[MATERIAL PROVIDED — start]

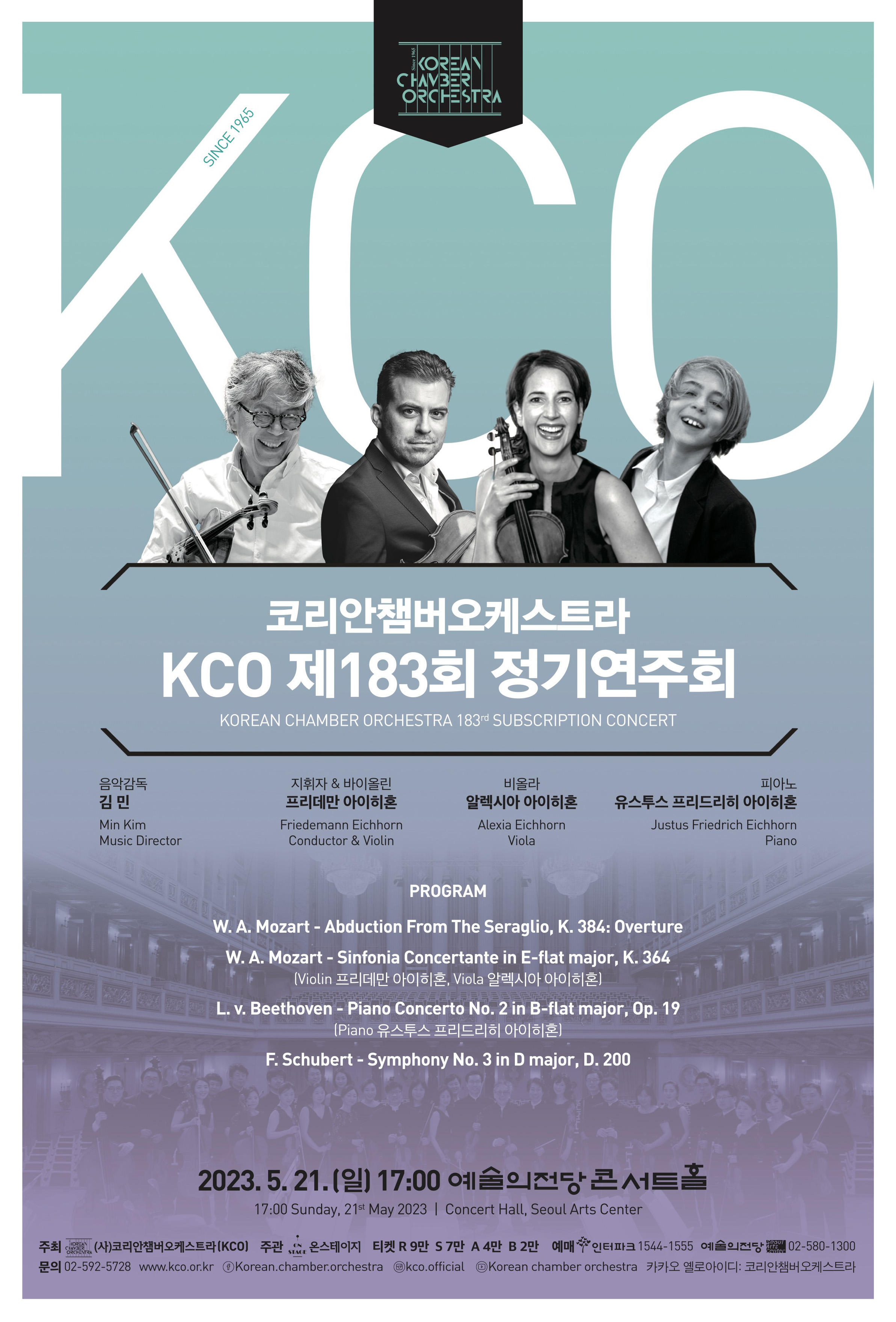 한국을 대표하는 챔버오케스트라인 코리안챔버오테스트라는 서양 클래식의 본고장인 독일의 정통 클래식 가문 출신이자 존경받는 독일 음악가 프리데만 아이히혼과 알렉시아 아이히혼 부부, 그리고 그의 자녀 유스투스 프리드리히 아이혼이 협연자로 함께한다.
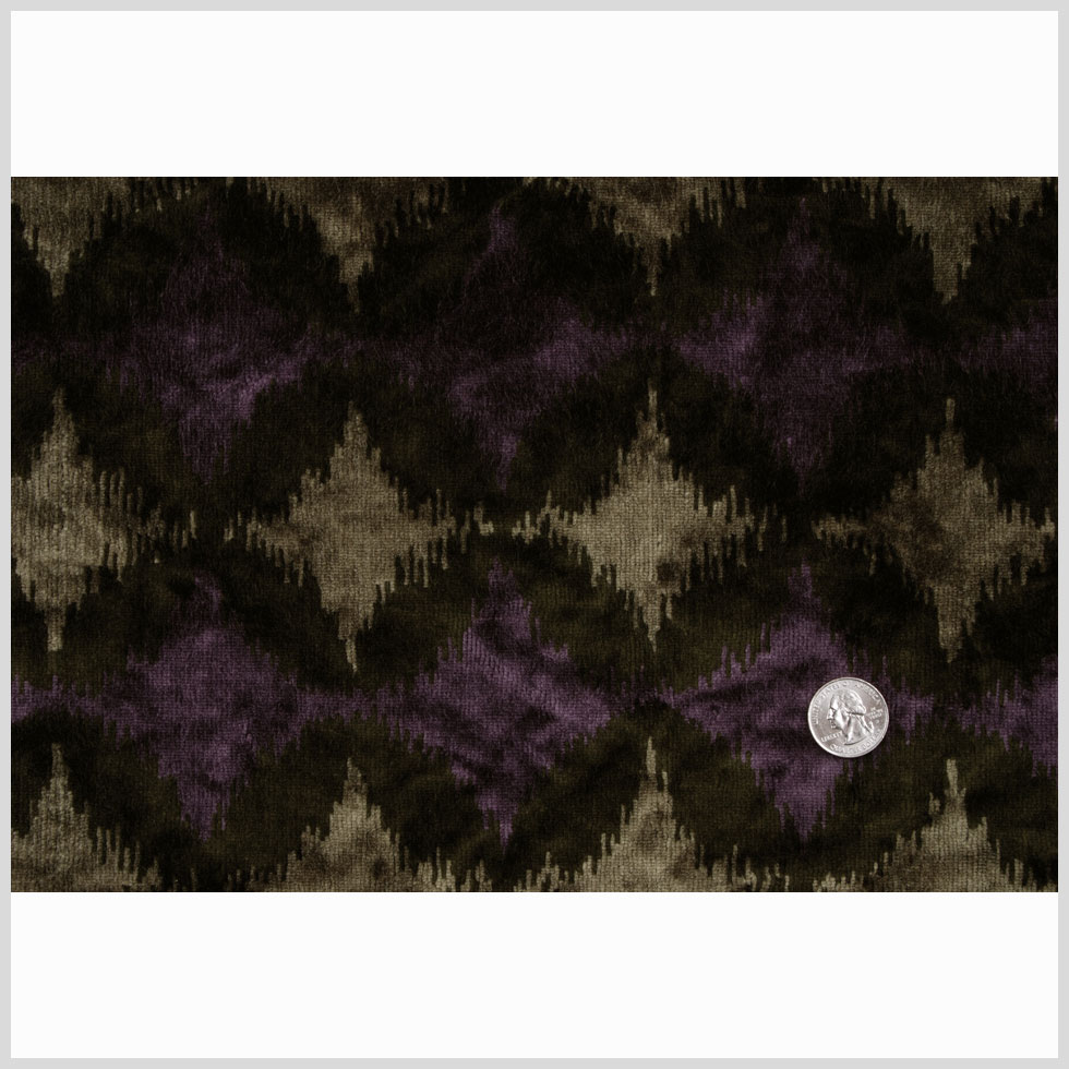 Dramatic upholstery-velvet in an ikat pattern of purple, light gray and black. Suitable for upholstery and other home decor applications.
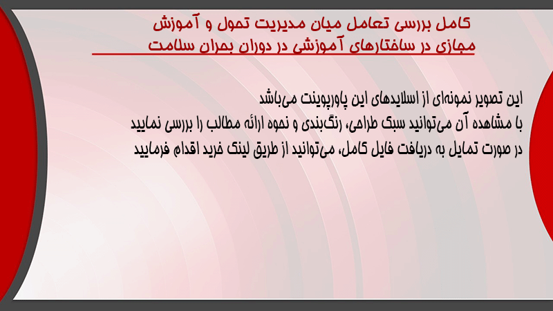 پاورپوینت کامل بررسی تعامل میان مدیریت تحول و آموزش مجازی در ساختارهای آموزشی در دوران بحران سلامت
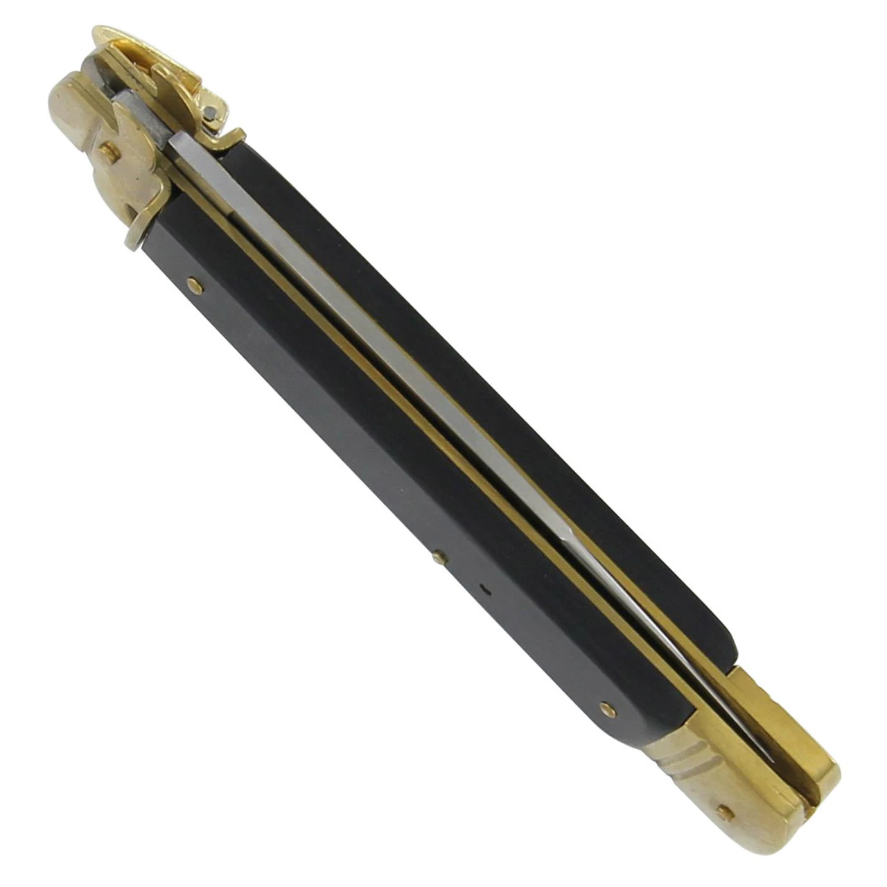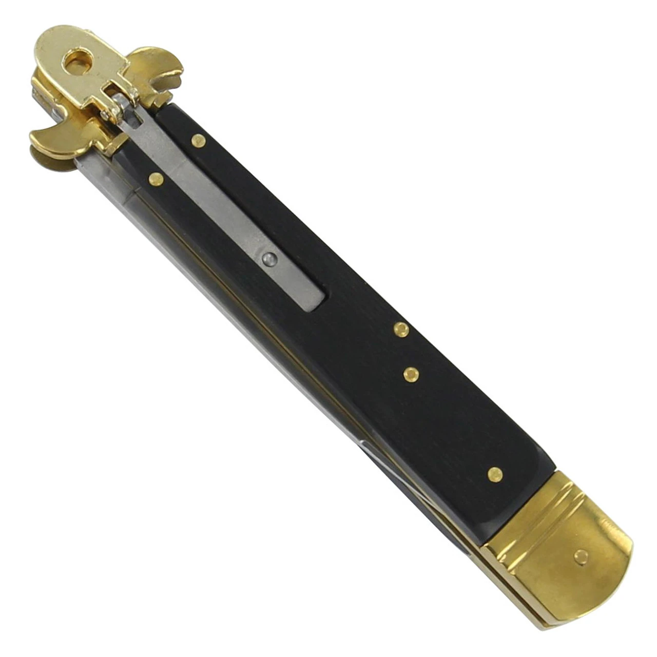 This knife is a whopping 9.75 inches in length and 4.25 inches of this is the blade. The blade is made from stainless steel with a drop point blade that comes extremely sharp. The handle has wood mounts with an ebony finish. The golden bolsters and frame are also stainless steel. Now here comes the important part, the lever opening mechanism and lock; fold it backwards and press the release. Just watch that baby fly. Push the lever upwards to lock the blade. Included is a nylon sheath with belt loop Overall Length: 9.75 Inches.
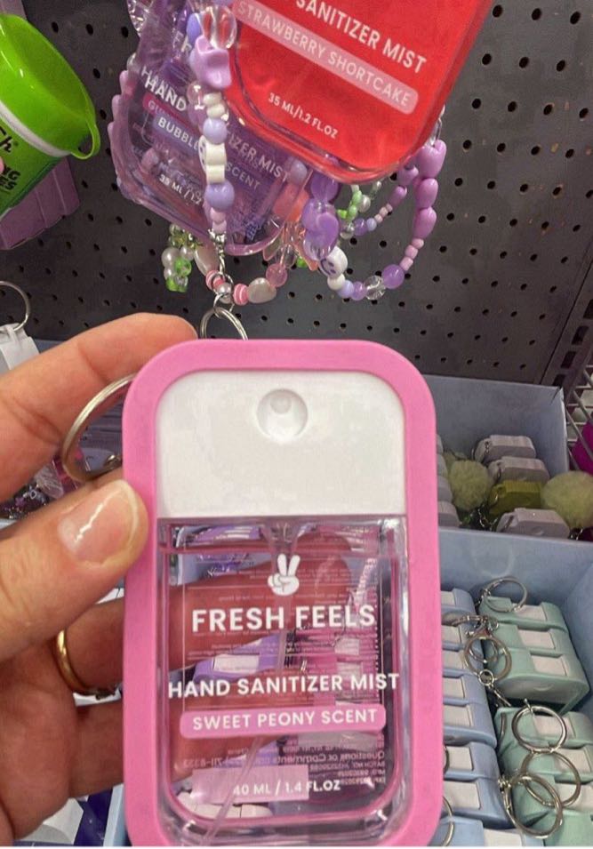 Fresh Feels Hand Sanitizer Mist in Sweet Peony scent, designed for convenient use on the go.
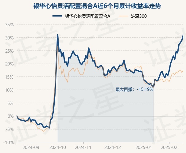 证券之星消息,2月19日,银华心怡灵活配置混合A最新单位净值为2.658元,累计净值为2.831元,较前一交易日上涨1.5%。历史数据显示该基金近1个月上涨13.89%,近3个月上涨9.88%,近6个月上涨30.79%,近1年上涨28.11%。该基金近6个月的累计收益率走势如下图:
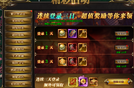 活动说明:活动期间,每天登陆即可领取奖励,连续三天更有额外奖励
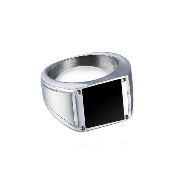 Men's signet ring stainless steel silver black onyx cabochon
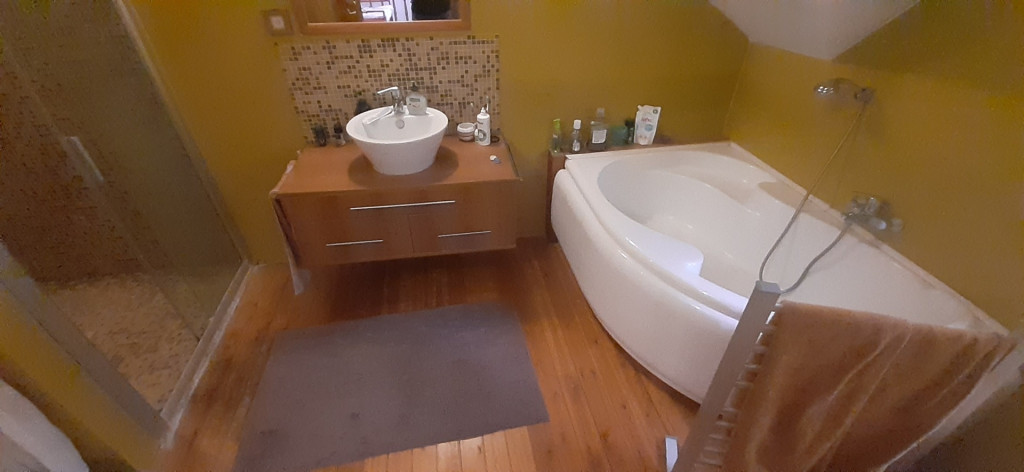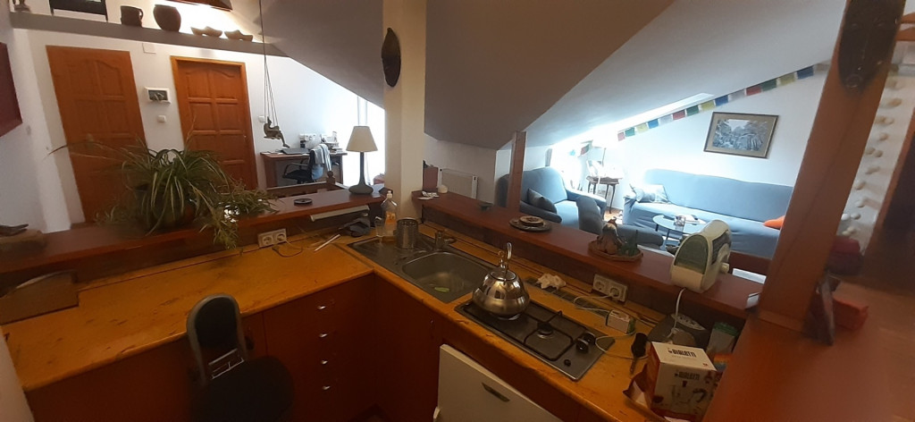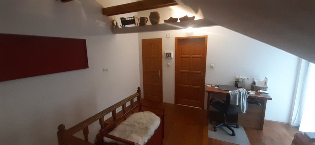 A tetőtérben még egy fürdő, külön WC, erkélyes nappali konyhával, és 3 külön nyíló háló lett kialakítva.

[MATERIAL PROVIDED — finish]

## PROBLEM DESCRIPTION
Set down all of the entries exactly. Leave the pictures out.

## WRITTEN RESPONSE
 한국을 대표하는 챔버오케스트라인 코리안챔버오테스트라는 서양 클래식의 본고장인 독일의 정통 클래식 가문 출신이자 존경받는 독일 음악가 프리데만 아이히혼과 알렉시아 아이히혼 부부, 그리고 그의 자녀 유스투스 프리드리히 아이혼이 협연자로 함께한다.
 Dramatic upholstery-velvet in an ikat pattern of purple, light gray and black. Suitable for upholstery and other home decor applications.
 پاورپوینت کامل بررسی تعامل میان مدیریت تحول و آموزش مجازی در ساختارهای آموزشی در دوران بحران سلامت
 This knife is a whopping 9.75 inches in length and 4.25 inches of this is the blade. The blade is made from stainless steel with a drop point blade that comes extremely sharp. The handle has wood mounts with an ebony finish. The golden bolsters and frame are also stainless steel. Now here comes the important part, the lever opening mechanism and lock; fold it backwards and press the release. Just watch that baby fly. Push the lever upwards to lock the blade. Included is a nylon sheath with belt loop Overall Length: 9.75 Inches.
 Fresh Feels Hand Sanitizer Mist in Sweet Peony scent, designed for convenient use on the go.
 证券之星消息,2月19日,银华心怡灵活配置混合A最新单位净值为2.658元,累计净值为2.831元,较前一交易日上涨1.5%。历史数据显示该基金近1个月上涨13.89%,近3个月上涨9.88%,近6个月上涨30.79%,近1年上涨28.11%。该基金近6个月的累计收益率走势如下图:
 活动说明:活动期间,每天登陆即可领取奖励,连续三天更有额外奖励
 Men's signet ring stainless steel silver black onyx cabochon
 A tetőtérben még egy fürdő, külön WC, erkélyes nappali konyhával, és 3 külön nyíló háló lett kialakítva.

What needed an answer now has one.